Nilai LC50 yang diperoleh masih sangat tinggi meskipun nilai tersebut masih dibawah 1000 µg/mL dan berpotensi sebagai bioaktif. Menurut Geris et al. (2008) dalam Andriani (2008) menyatakan bahwa standar nilai larvasida nabati (senyawa murni) yaitu berkisar 0,1-49 µg/mL. Nilai LC50 yang didapatkan masih
sangat jauh dari standar larvasida nabati tersebut, hal ini dapat dikarenakan minyak astiri Surian masih merupakan minyak dengan ekstrak yang sangat kasar dan belum ada pemurnian senyawa.
Uji aktivitas larvasida menggunakan minyak atsiri ini menunjukan kesebandingan antara konsentrasi dan persentasi kematian, yaitu semakin besar konsentrasi yang digunakan maka semakin besar presentasi kematian larvasida yang diakibatkan ini berarti aktivitas membunuh makin tinggi sehingga terjadi korelasi positif antar keduanya. Nilai LC50 minyak atsiri Surian bagian daun lebih rendah dari pada minyak atsiri bagian teras dan gubal, hal ini berarti minyak atsiri Surian bagian daun memiliki daya bunuh yang lebih tinggi dibandingkan 2 minyak yang lainnya. Hal ini terjadi karena setiap individu memiliki respon yang berbeda pada zat yang berada dilingkungannya (Loomis 1978 dalam Fadli 2006).
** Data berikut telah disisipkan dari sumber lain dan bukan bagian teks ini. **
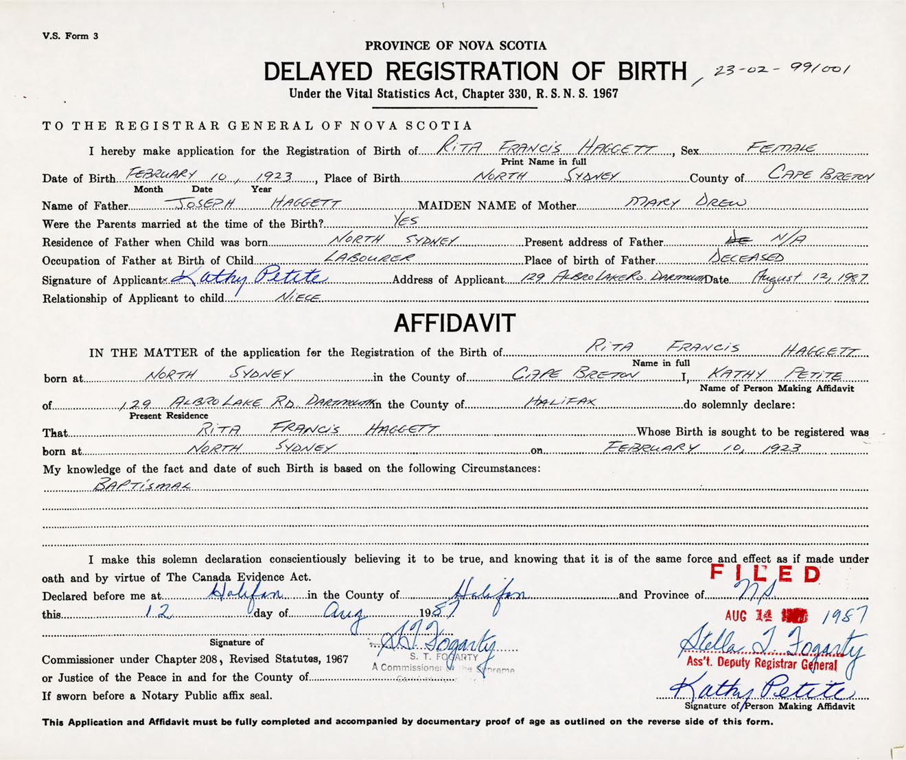I hereby make application for the Registration of Birth of Rita FrancisHaggett Sex Female
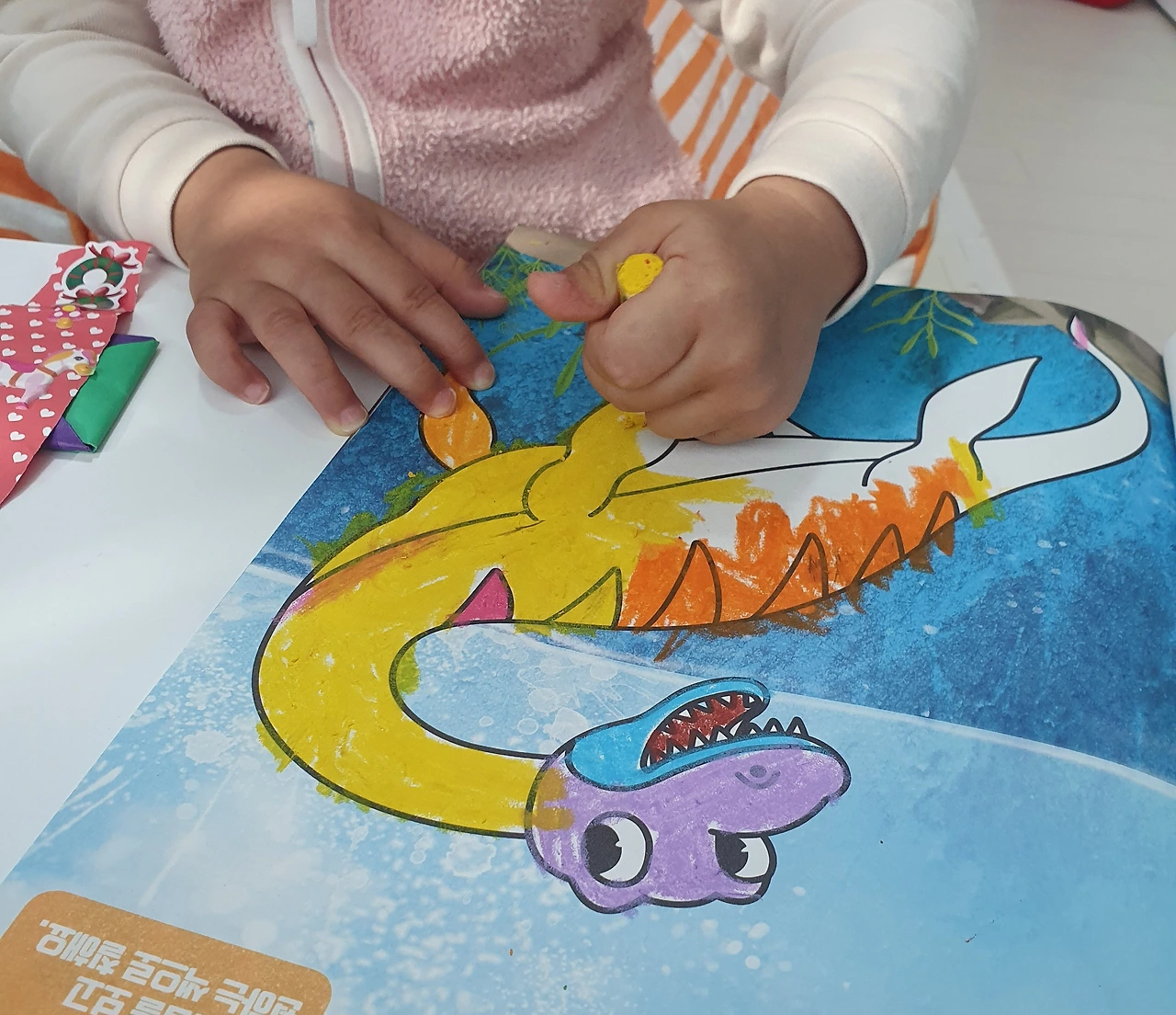 "Too big, 너무 커" 아이가 이번엔 친절히 도 색칠하던 공룡을 가리키며 설명을 곁들어 대답해 주었다.
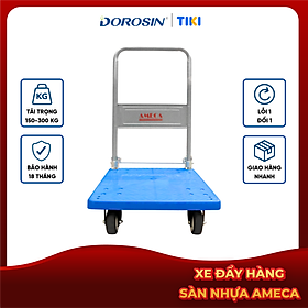 ✨Xe Đẩy Hàng 4 Bánh Ameca HAM-300P- Sàn nhựa, Khung Thép, Giảm ồn, Gấp gọn, tải trọng 300kg - bảo hành 12 tháng
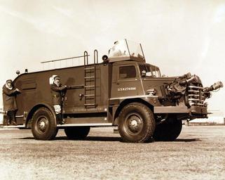| Keywords: vehicle truck car outdoor 330-PS-3097 (USN 708766): New Navy Foam Fire-Fighting Truck. Mounted on a conventional crash truck, a new aircraft crash fire-extinguishing system, developed by the Naval Research Laboratory, under the sponsorship of the Bureau of Aeronautics, produces twice as much foam as previous systems. It can cover a burning airplane with approximately 15,000 gallons of a thick sticky fire-smothering blanket of foam supplied by two pumps on the truck. The improved system is the result of the new designs in nozzles and pumps with two 150-hp engines to power two separate foam-making systems. Air, water, and foam concentrate are whipped together in egg-beater fashion, and the resulting micro-bubbled foam is fleeced out through two distributing nozzles on the front fenders of the truck. These nozzles are pivoted and continuously adjustable by the operator from his position on a “bridge” above and behind the cab of the truck. By pushing a button the operator can widen his foam streams, operating a protective cone of 7,000 gallons of a foam a minute. Tanks hold 1200 gallons of water and 80 gallons of foam concentrate sufficiently for two minutes of continuous, high-capacity operation, November 10, 1952. (5/5/2015). 330-PS-3097 (USN 708766): New Navy Foam Fire-Fighting Truck. Mounted on a conventional crash truck, a new aircraft crash fire-extinguishing system, developed by the Naval Research Laboratory, under the sponsorship of the Bureau of Aeronautics, produces twice as much foam as previous systems. It can cover a burning airplane with approximately 15,000 gallons of a thick sticky fire-smothering blanket of foam supplied by two pumps on the truck. The improved system is the result of the new designs in nozzles and pumps with two 150-hp engines to power two separate foam-making systems. Air, water, and foam concentrate are whipped together in egg-beater fashion, and the resulting micro-bubbled foam is fleeced out through two distributing nozzles on the front fenders of the truck. These nozzles are pivoted and continuously adjustable by the operator from his position on a “bridge” above and behind the cab of the truck. By pushing a button the operator can widen his foam streams, operating a protective cone of 7,000 gallons of a foam a minute. Tanks hold 1200 gallons of water and 80 gallons of foam concentrate sufficiently for two minutes of continuous, high-capacity operation, November 10, 1952. (5/5/2015). |
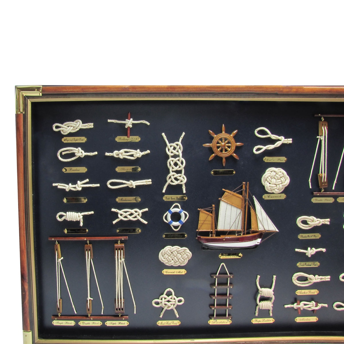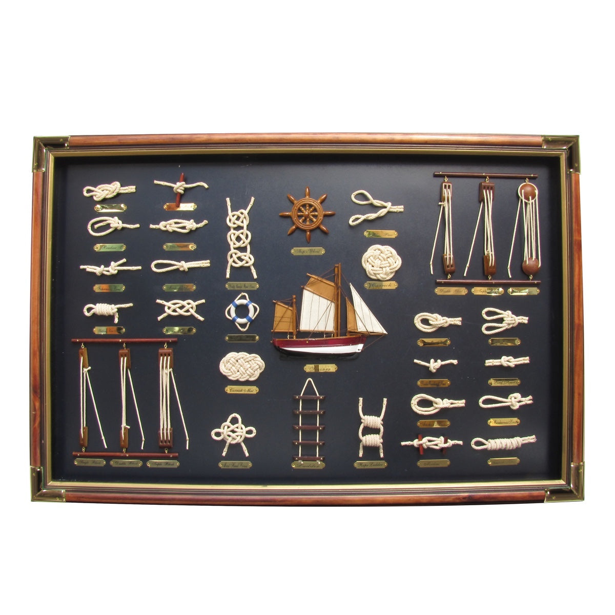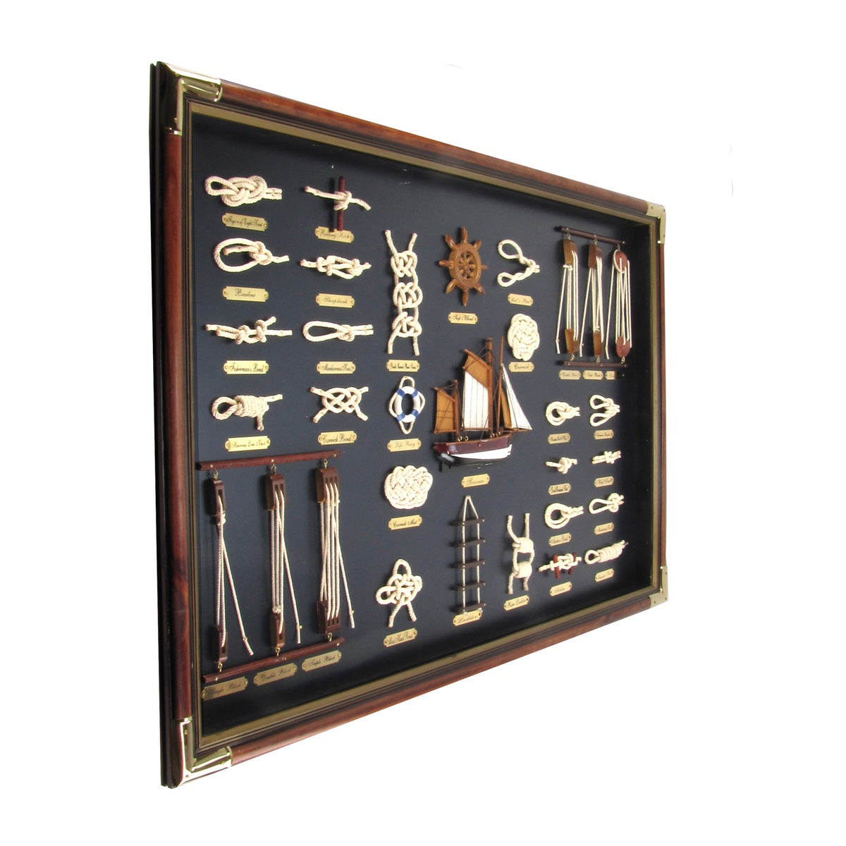 - The giant nautical home decor features over 20 different nautical knots, like the rolling hitch, deadeyes, and triple block, each named with a brass plaque under the knot or rigging
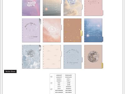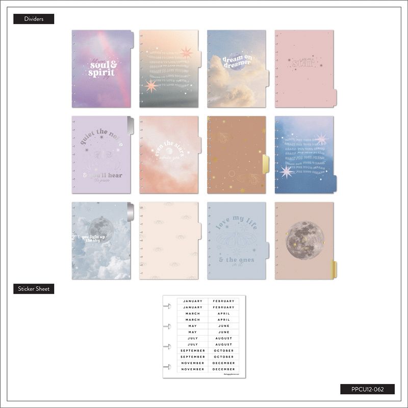 12 dividers are included with designs featuring celestial elements and metallic foil accents.
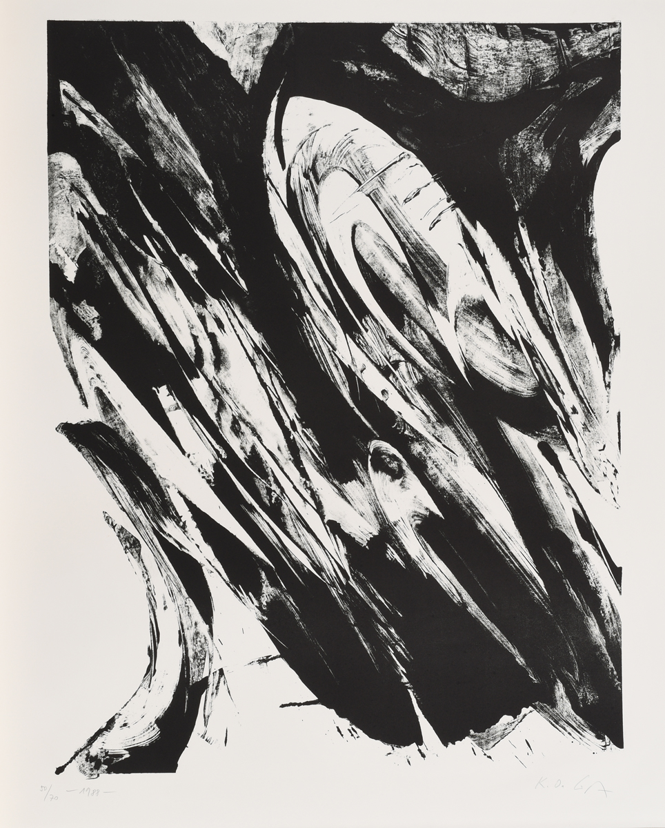 Ohne Titel. 1988. Lithografie auf Bütten. 78 x 59cm (90 x 70cm). Signiert, datiert und nummeriert. Manfred Hüglow, Offenbach (Hrsg.). Ex. 50/70.
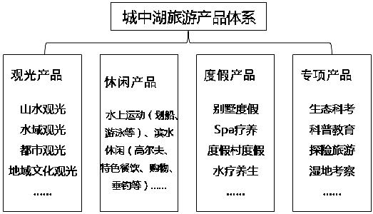 以城中湖的湿地生态为基础,充分挖掘城市文化,融入湖泊旅游开发,构建具有地域特色的城中湖旅游产品体系。总体而言,城中湖可供开发的产品体系包括观光、休闲、度假和湖泊湿地专项旅游产品。
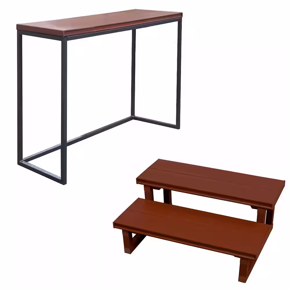 Cal Metro 16.5 in. x 36 in. x 35.5 in. Spa Bar and 2 Tier Spa Steps in Mahogany
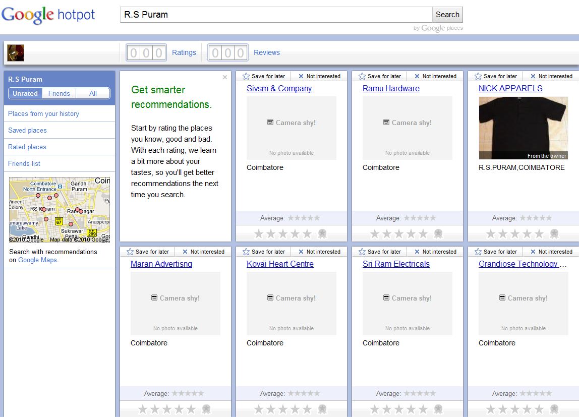 When you search for specific places, such as “R.S.Puram,” in Hotpot, you can filter your search results to see businesses or other places you haven’t rated before; you can also choose to see only places that have been rated by your Hotpot friends.
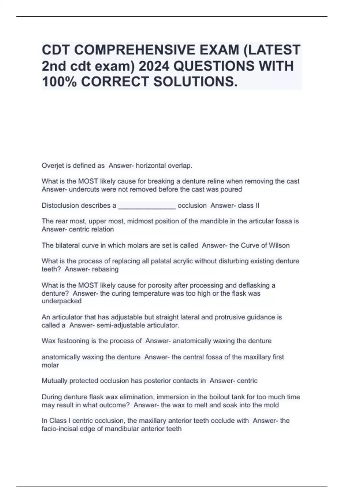 CDT COMPREHENSIVE EXAM (LATEST 2nd cdt exam) 2024 QUESTIONS WITH 100% CORRECT SOLUTIONS.
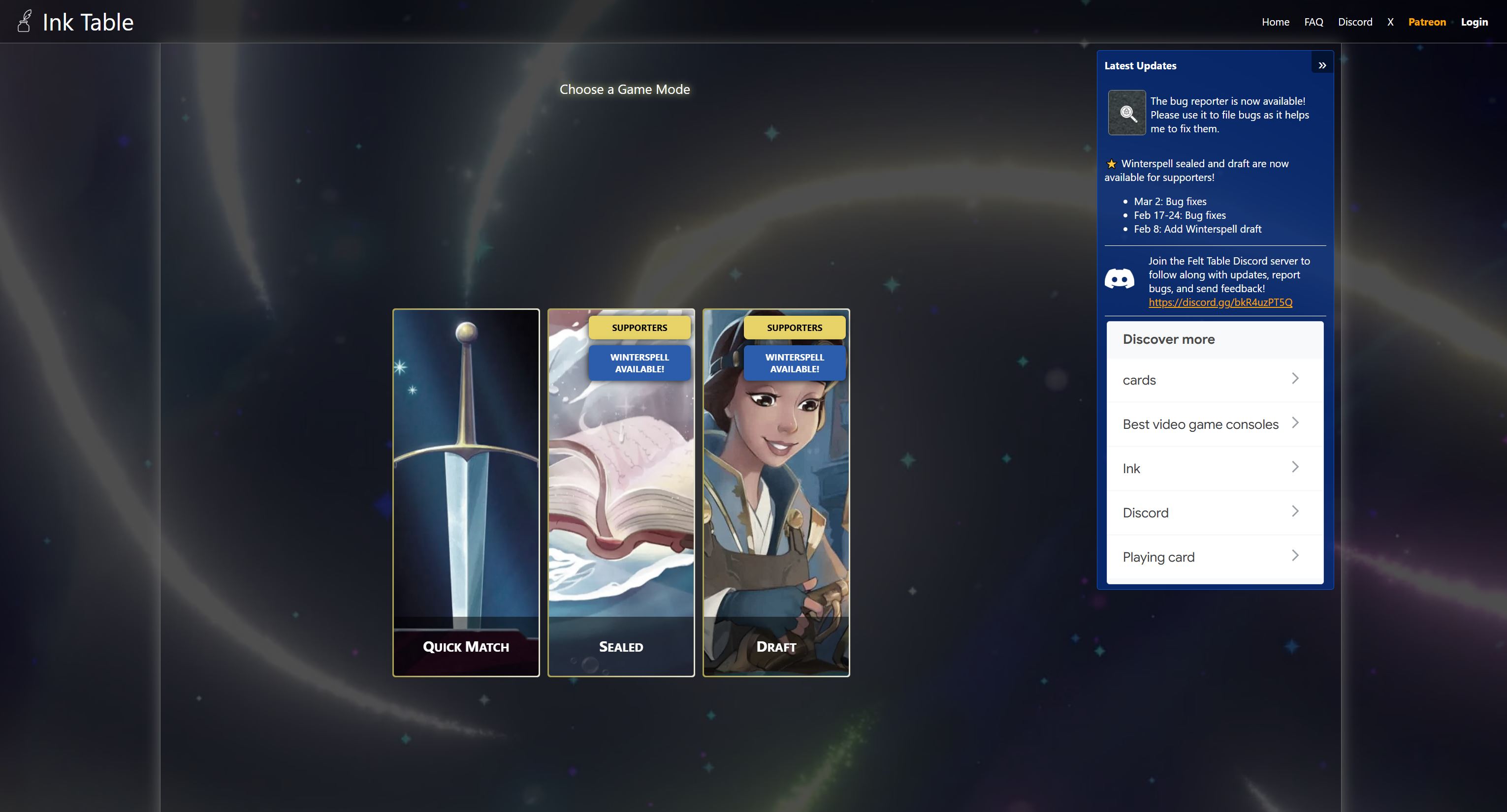 Inktable.net je bezplatný simulátor, který běží přímo v prohlížeči na počítači i mobilu. Jeho hlavní výhodou je trénink proti umělé inteligenci (botovi). Ideální nástroj, když chcete otestovat nové balíčky a strategie v klidu a bez stresu z živého soupeře.
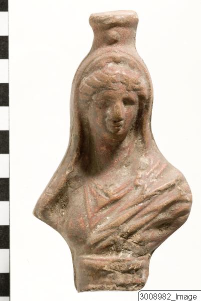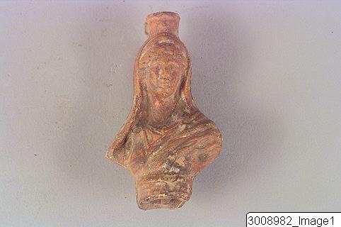 Figurine, bust of Isis or Demeter. Moulded. The goddess is wearing a polos and has her head covered by a veil which falls down over her shoulders. Her hair is wavy and combed towards the neck. Wide, flat nose, full lips. and is wearing a tall headdress.
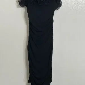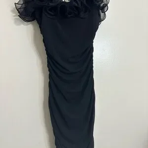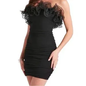 This elegant black strapless dress features a chic ruffled neckline, perfect for any special occasion. Its sleek design offers a flattering fit, making it a must-have addition to your wardrobe.
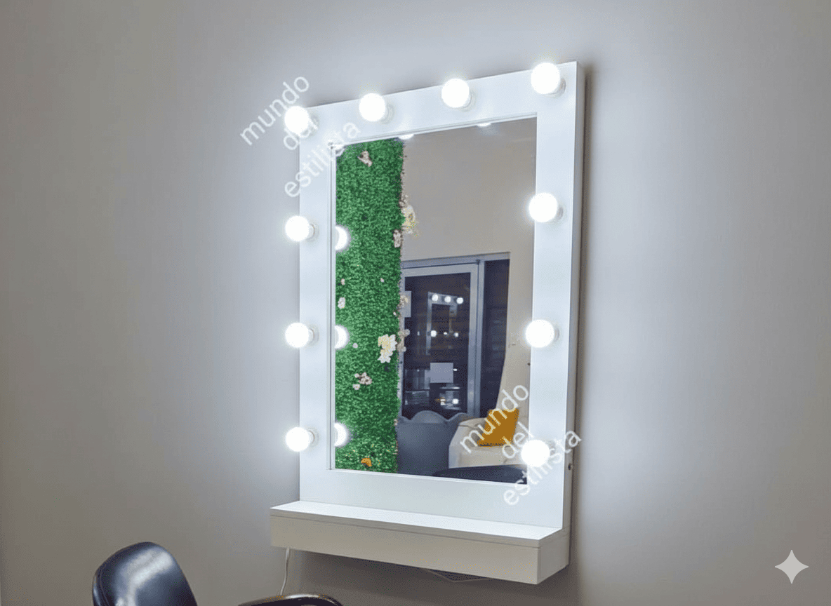 Estación de espejo flotante. Espejo con luces tipo Hollywood, perfecta para maquillaje. Disponible en diferentes materiales y colores.
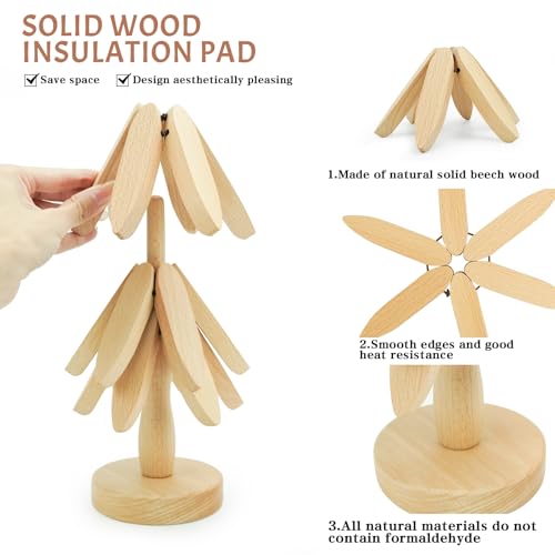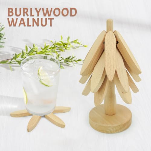 Bonhomstyle - حامل خشبي للأطباق الساخنة، قاعدة أكواب على شكل شجرة كريسماس طبيعية وقابلة للطي للمطبخ، وسادات ساخنة للأواني والطاسات، 3 حوامل خشبية وحامل وملعقة عسل
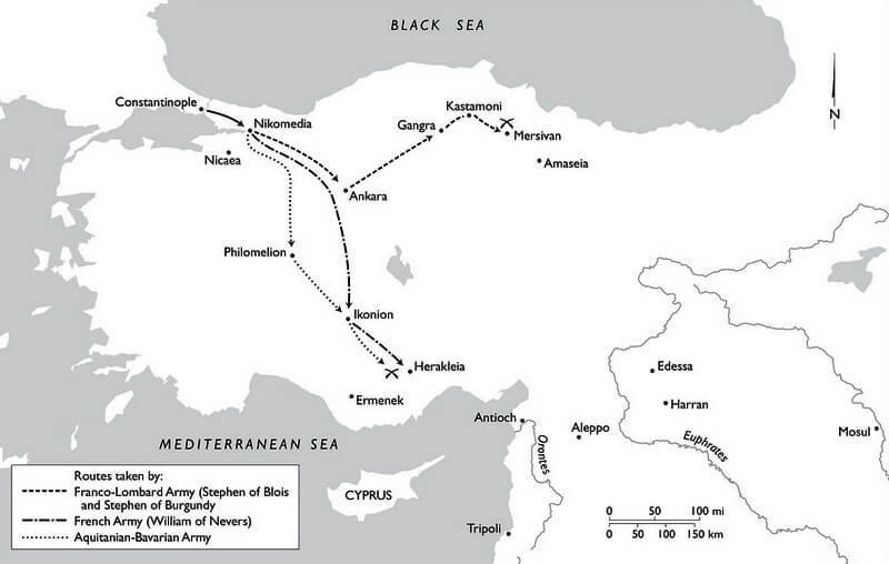 Третья армия крестоносцев, набранная из французов, фламандцев и бургундцев — всего около 8000 человек — во главе с графами Стефаном Бургундским и Стефаном Блуасским (дезертиром Первого похода, который новой экспедицией решил загладить своё малодушие) вышла в марте и добралась до столицы Византии в мае 1101 года.

Tingginya daya racun yang disebabkan oleh minyak atsiri yang berasal dari daun tidak terlepas dari kandungan kimia yang terdapat pada minyak atsiri tersebut. Berdasarkan penelitian Mu et al. (2007) yang mengidentifikasi senyawa kimia yang terkandung pada minyak atsiri Surian yang berasal dari daun dan ditemukan adanya senyawa kimia trans-kariofilena dengan konsentrasi relatif 21,422% senyawa ini diduga yang menyebabkan tingginya aktivitas larvasida. Sutthanont et al. (2010), melakukan pengujian minyak atsiri dari Syzygium aromaticum yang mengandung trans-karofilena ternyata berpotensi sebagai larvasida A.aegypti.
Sari et al. (2012) melakukan pengujian senyawa kimia yang berasal dari minyak atsiri kayu Surian menggunakan metode gas chromatography-mass spectrometry (GCMS) menemukan adanya senyawa kimia yang sama seperti pada minyak atsiri yang berasal dari daun yaitu trans-kariofilena.
Pada minyak atsiri Surian yang berasal dari kayu gubal, konsentrasi relatif dari senyawa ini sebesar 11,42% sedangkan pada minyak atsiri yang berasal dari kayu teras sebesar 1,96%. Nilai konsentrasi relatif senyawa trans-kariofilena yang berasal dari minyak atsiri Surian bagian daun jauh lebih tinggi dibandingkan bagian gubal dan teras. Hal ini dapat diduga menjadi penyebab tingginya aktifitas larvasida minyak atsiri Surian bagian daun dibandingkan bagian gubal dan teras.